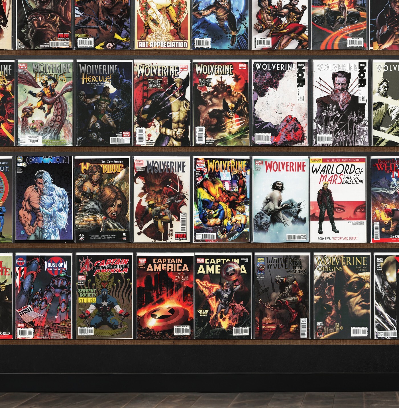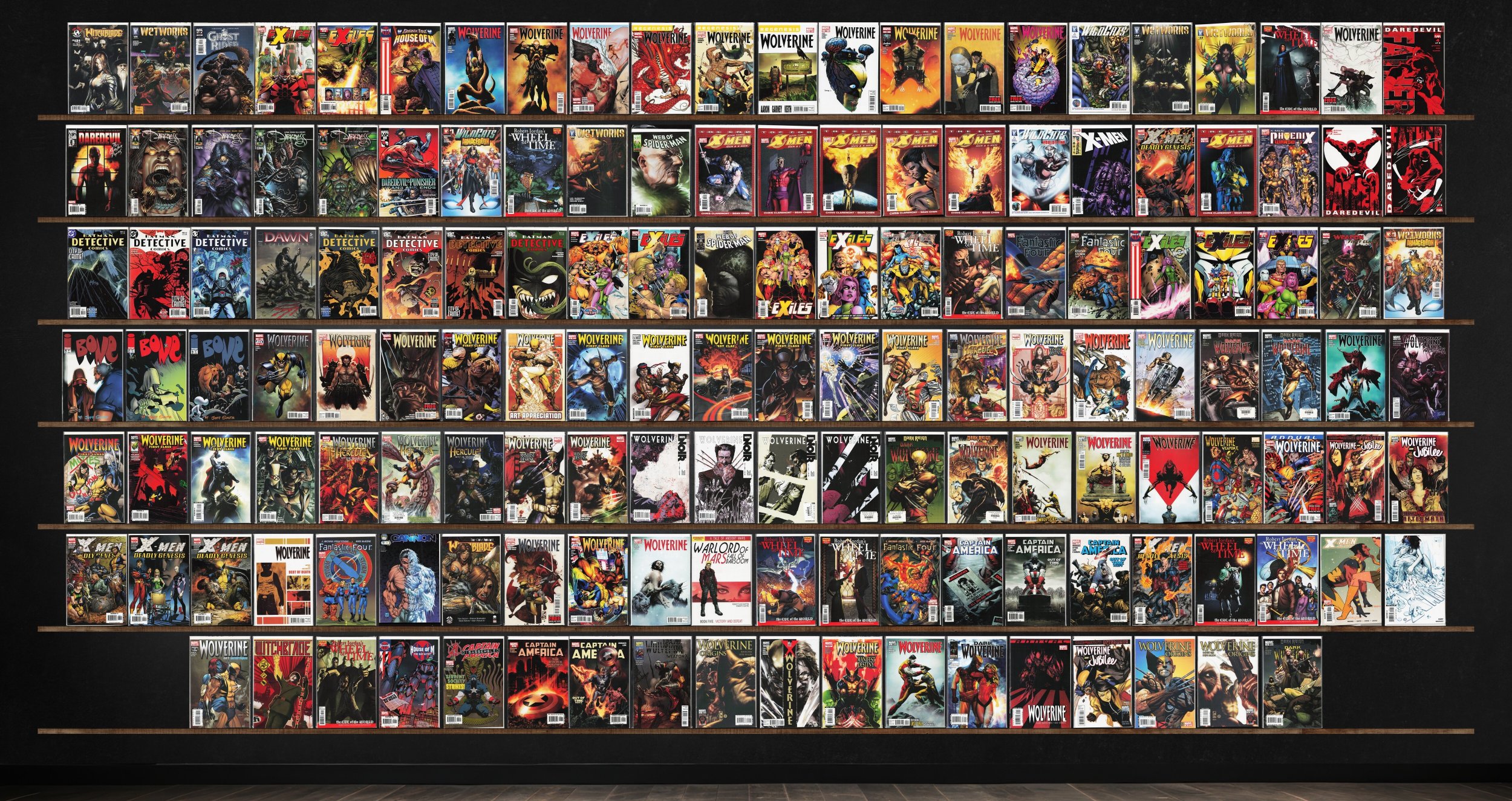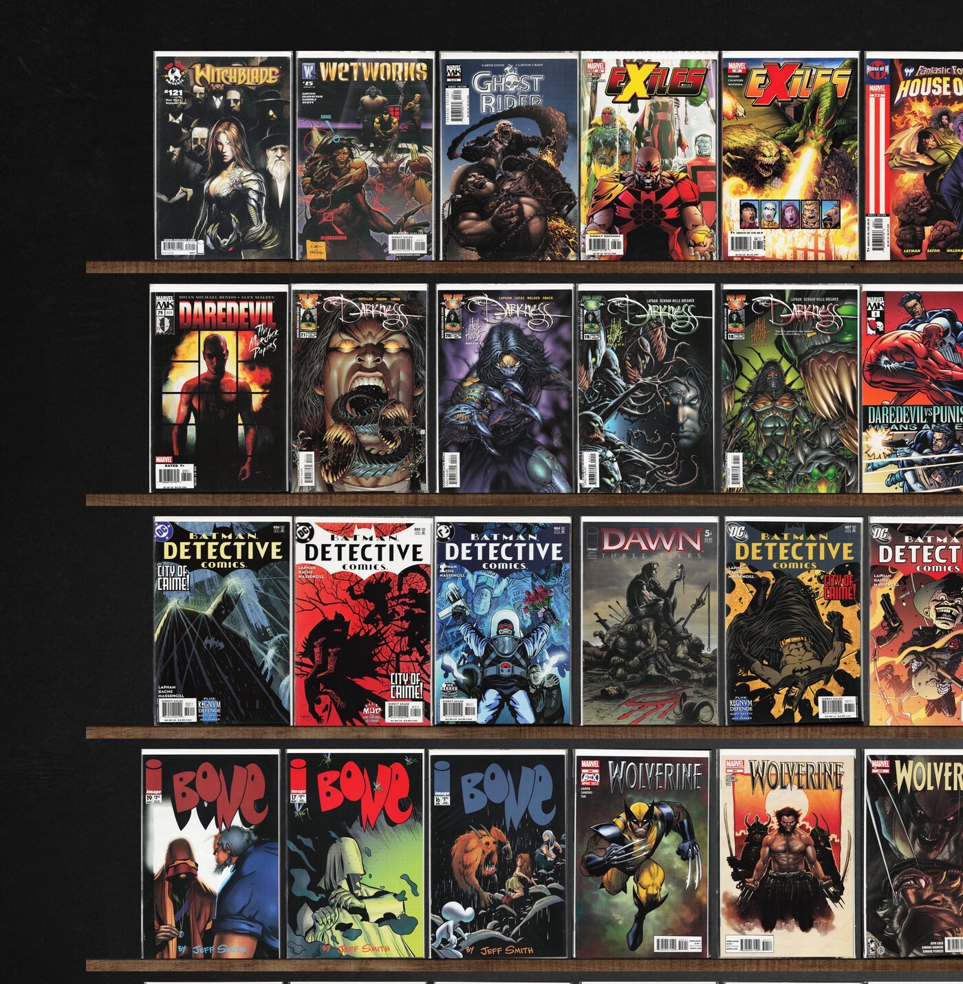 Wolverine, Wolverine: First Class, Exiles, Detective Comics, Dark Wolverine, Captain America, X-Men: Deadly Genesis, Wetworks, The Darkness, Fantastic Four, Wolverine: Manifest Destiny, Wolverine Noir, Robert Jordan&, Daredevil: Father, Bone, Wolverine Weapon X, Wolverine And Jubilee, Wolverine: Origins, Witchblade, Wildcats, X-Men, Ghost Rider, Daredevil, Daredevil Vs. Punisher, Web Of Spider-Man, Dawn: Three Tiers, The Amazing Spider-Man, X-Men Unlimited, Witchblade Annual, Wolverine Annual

==

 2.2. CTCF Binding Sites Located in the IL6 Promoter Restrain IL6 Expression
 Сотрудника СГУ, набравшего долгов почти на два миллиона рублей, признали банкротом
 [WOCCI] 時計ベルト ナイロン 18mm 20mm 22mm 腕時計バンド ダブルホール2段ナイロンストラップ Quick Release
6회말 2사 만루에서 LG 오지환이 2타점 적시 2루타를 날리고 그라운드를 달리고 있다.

--

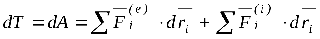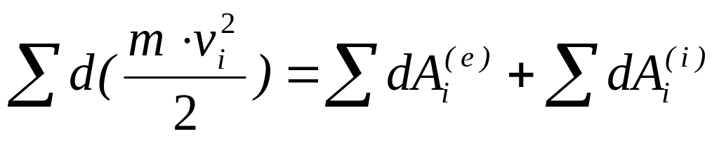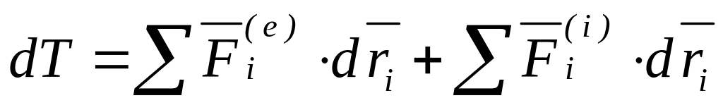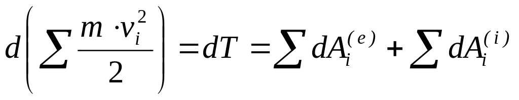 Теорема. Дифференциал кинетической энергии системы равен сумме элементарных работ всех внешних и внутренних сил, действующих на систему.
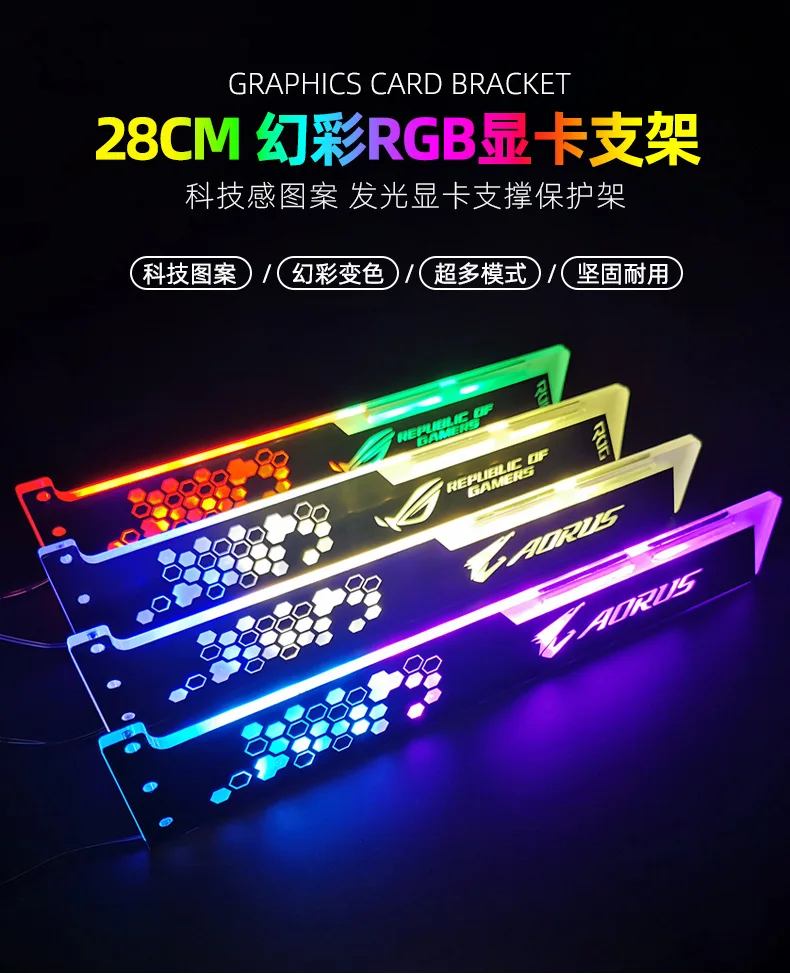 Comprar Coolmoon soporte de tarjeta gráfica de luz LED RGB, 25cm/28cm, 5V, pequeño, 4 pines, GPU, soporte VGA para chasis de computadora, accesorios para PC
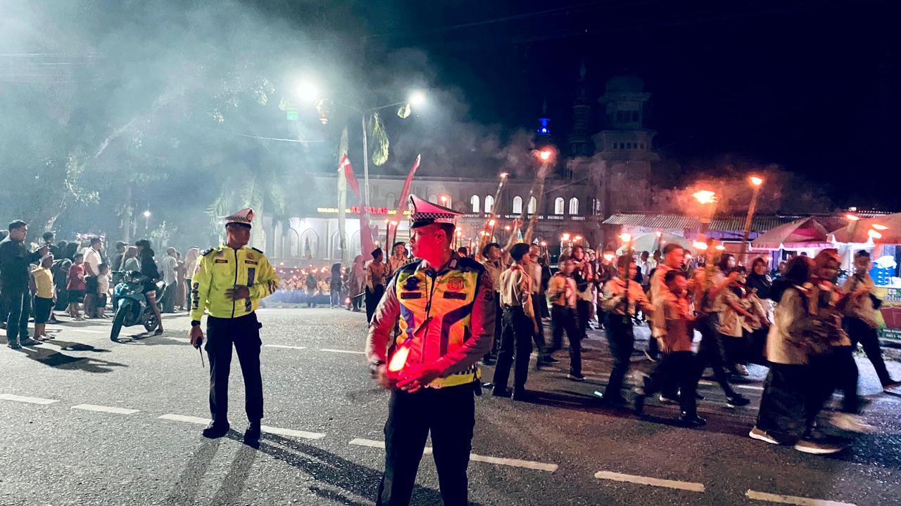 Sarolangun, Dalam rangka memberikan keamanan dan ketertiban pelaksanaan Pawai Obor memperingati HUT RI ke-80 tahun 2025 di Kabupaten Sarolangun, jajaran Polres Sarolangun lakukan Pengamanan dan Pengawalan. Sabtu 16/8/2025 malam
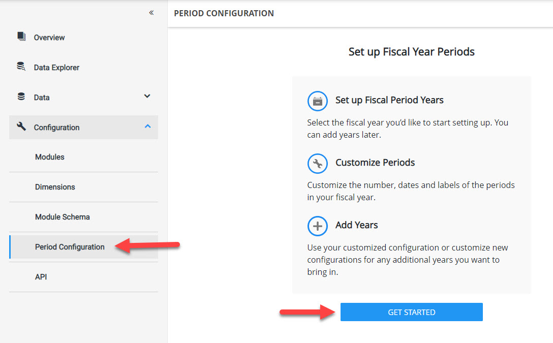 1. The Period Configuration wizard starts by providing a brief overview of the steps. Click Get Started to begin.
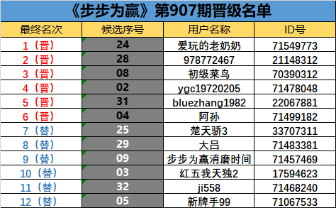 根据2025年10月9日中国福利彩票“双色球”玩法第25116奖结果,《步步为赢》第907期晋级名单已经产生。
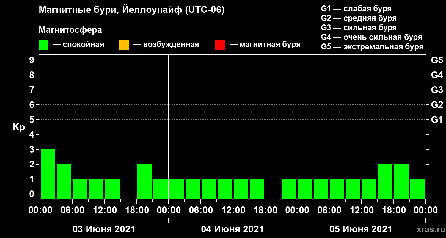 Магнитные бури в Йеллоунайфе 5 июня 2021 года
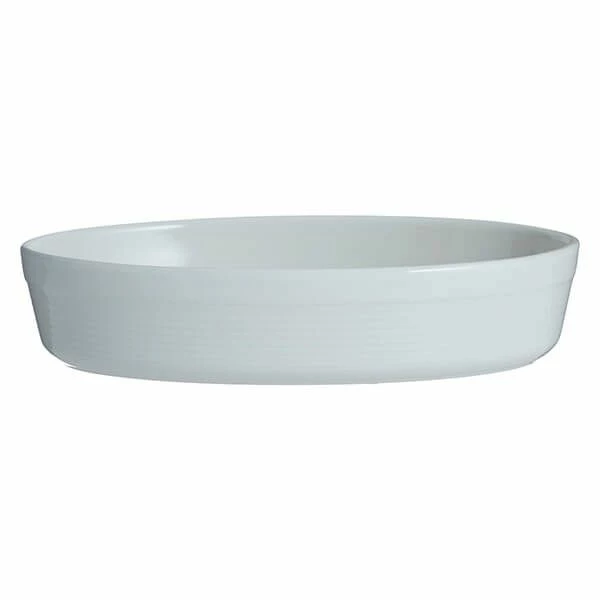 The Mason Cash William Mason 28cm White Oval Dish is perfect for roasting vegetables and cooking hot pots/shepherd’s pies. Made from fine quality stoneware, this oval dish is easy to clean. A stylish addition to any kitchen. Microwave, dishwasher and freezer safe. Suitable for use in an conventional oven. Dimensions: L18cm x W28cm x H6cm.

## WHAT YOU HAVE TO DO
Look through the listing above for the line with "Теорема. Дифференциал кинетической" and the line with "Sarolangun, Dalam rangka". Write out exactly those lines and everything between, leaving out pictures.

## RESULT FOR THIS EXERCISE
 Теорема. Дифференциал кинетической энергии системы равен сумме элементарных работ всех внешних и внутренних сил, действующих на систему.
 Comprar Coolmoon soporte de tarjeta gráfica de luz LED RGB, 25cm/28cm, 5V, pequeño, 4 pines, GPU, soporte VGA para chasis de computadora, accesorios para PC
 Sarolangun, Dalam rangka memberikan keamanan dan ketertiban pelaksanaan Pawai Obor memperingati HUT RI ke-80 tahun 2025 di Kabupaten Sarolangun, jajaran Polres Sarolangun lakukan Pengamanan dan Pengawalan. Sabtu 16/8/2025 malam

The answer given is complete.